Over the past decade, accelerating rates of species extinction have prompted an increasing number of studies to reduce species diversity experimentally and examine how this alters the efficiency by which communities capture resources and convert those into biomass. So far, the generality of patterns and processes observed in individual studies have been the subjects of considerable debate. Here we present a formal meta-analysis of studies that have experimentally manipulated species diversity to examine how it affects the functioning of numerous trophic groups in multiple types of ecosystem. We show that the average effect of decreasing species richness is to decrease the abundance or biomass of the focal trophic group, leading to less complete depletion of resources used by that group. At the same time, analyses reveal that the standing stock of, and resource depletion by, the most species-rich polyculture tends to be no different from that of the single most productive species used in an experiment. Of the known mechanisms that might explain these trends, results are most consistent with what is called the ‘sampling effect’, which occurs when diverse communities are more likely to contain and become dominated by the most productive species. Whether this mechanism is widespread in natural communities is currently controversial. Patterns we report are remarkably consistent for four different trophic groups (producers, herbivores, detritivores and predators) and two major ecosystem types (aquatic and terrestrial). Collectively, our analyses suggest that the average species loss does indeed affect the functioning of a wide variety of organisms and ecosystems, but the magnitude of these effects is ultimately determined by the identity of species that are going extinct.

Impacts of plant diversity on biomass production increase through time because of species complementarity

Accelerating rates of species extinction have prompted a growing number of researchers to manipulate the richness of various groups of organisms and examine how this aspect of diversity impacts ecological processes that control the functioning of ecosystems. We summarize the results of 44 experiments that have manipulated the richness of plants to examine how plant diversity affects the production of biomass. We show that mixtures of species produce an average of 1.7 times more biomass than species monocultures and are more productive than the average monoculture in 79% of all experiments. However, in only 12% of all experiments do diverse polycultures achieve greater biomass than their single most productive species. Previously, a positive net effect of diversity that is no greater than the most productive species has been interpreted as evidence for selection effects, which occur when diversity maximizes the chance that highly productive species will be included in and ultimately dominate the biomass of polycultures.

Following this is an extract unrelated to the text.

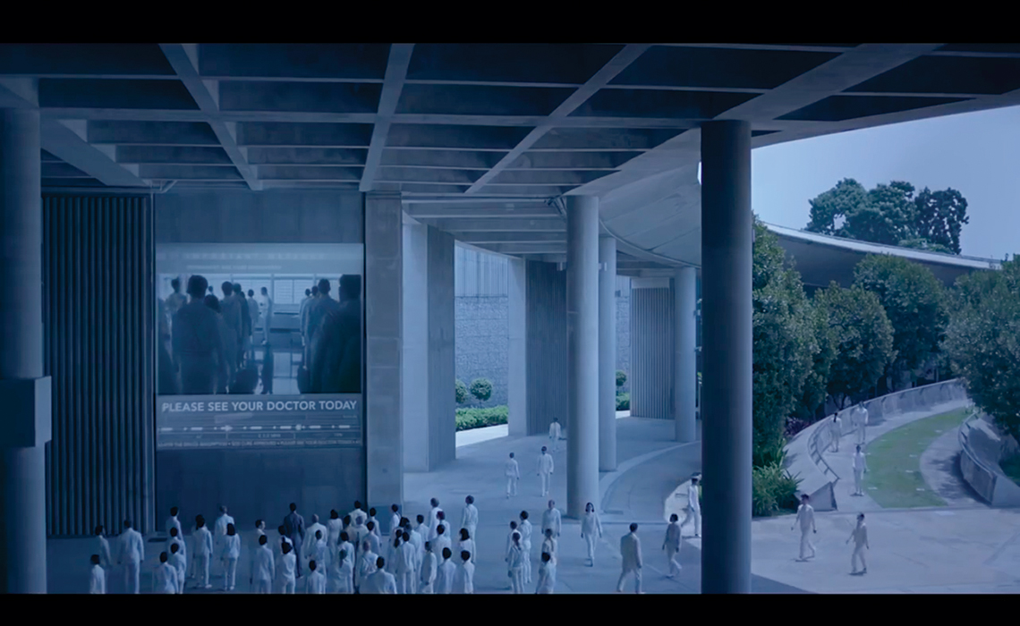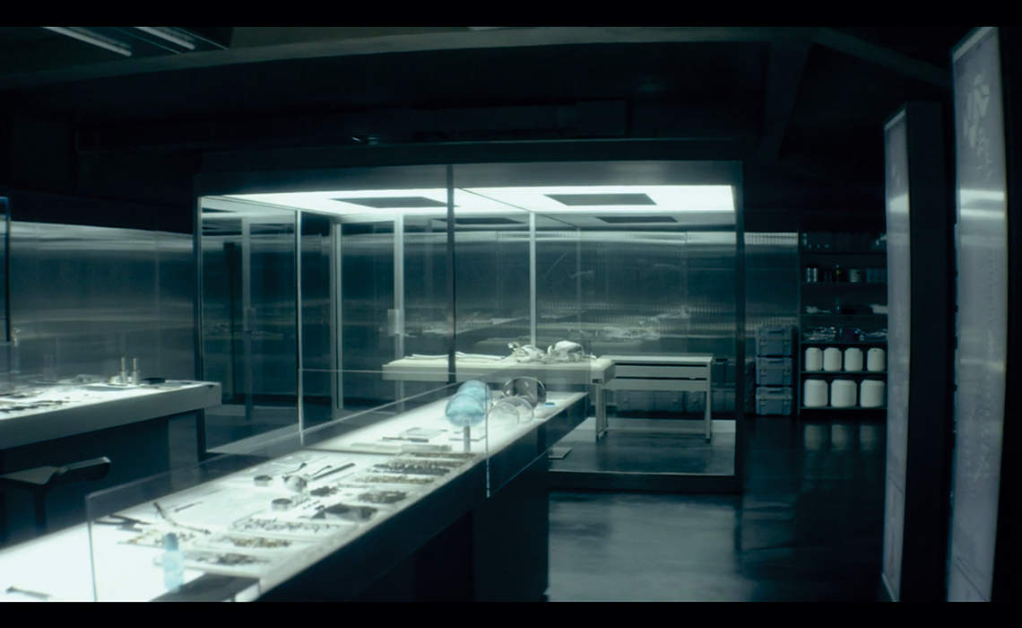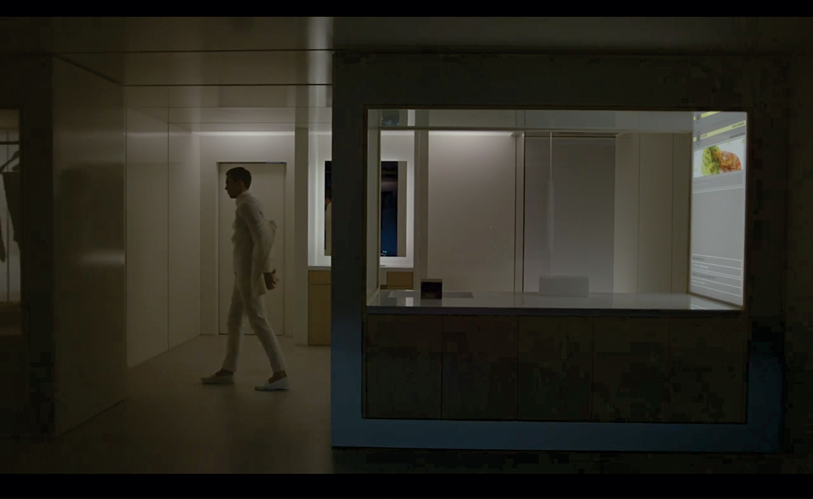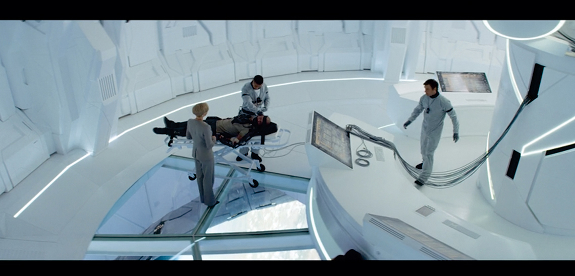 Esse é o caso de filmes mais contemporâneos como Iguais 12 (Drake Doremus 2015) e Ex_machina 13(Alex Garland 2014) (Figuras 1 e 2). No primeiro, a história se passa em um local com um visual similar ao de hospitais. Os ambientes são, em sua maioria, brancos, vazios e iluminados por uma luz fria, com toques pontuais de luzes coloridas. A aparência do concreto é recorrente em muitos ambientes, assim como a do vidro. Grande parte dos personagens, independentemente do gênero, veste um uniforme branco.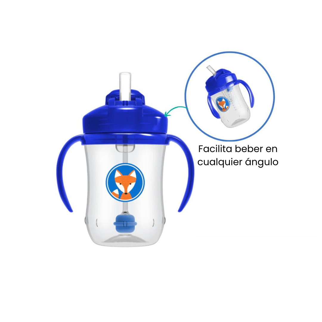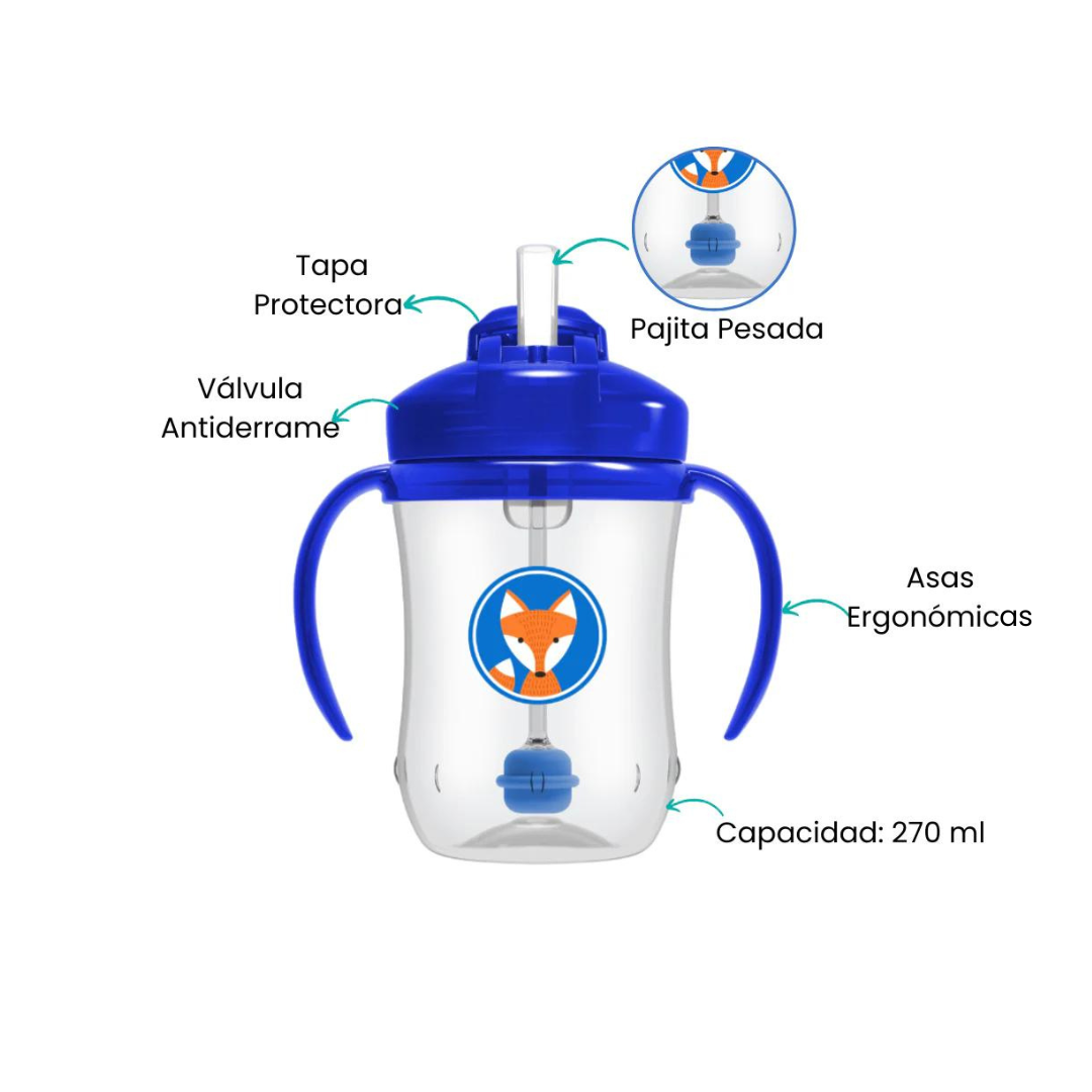 El vaso de 9 oz. con es perfecto para bebés a partir de los 6 meses. Su diseño innovador con sorbete suave y ponderado facilita la transición de inclinar el vasito boca abajo a beber en posición vertical, sin derrames y con comodidad.

Contrary to this, we show that although productive species do indeed contribute to diversity effects, these contributions are equaled or exceeded by species complementarity, where biomass is augmented by biological processes that involve multiple species. Importantly, both the net effect of diversity and the probability of polycultures being more productive than their most productive species increases through time, because the magnitude of complementarity increases as experiments are run longer. Our results suggest that experiments to date have, if anything, underestimated the impacts of species extinction on the productivity of ecosystems.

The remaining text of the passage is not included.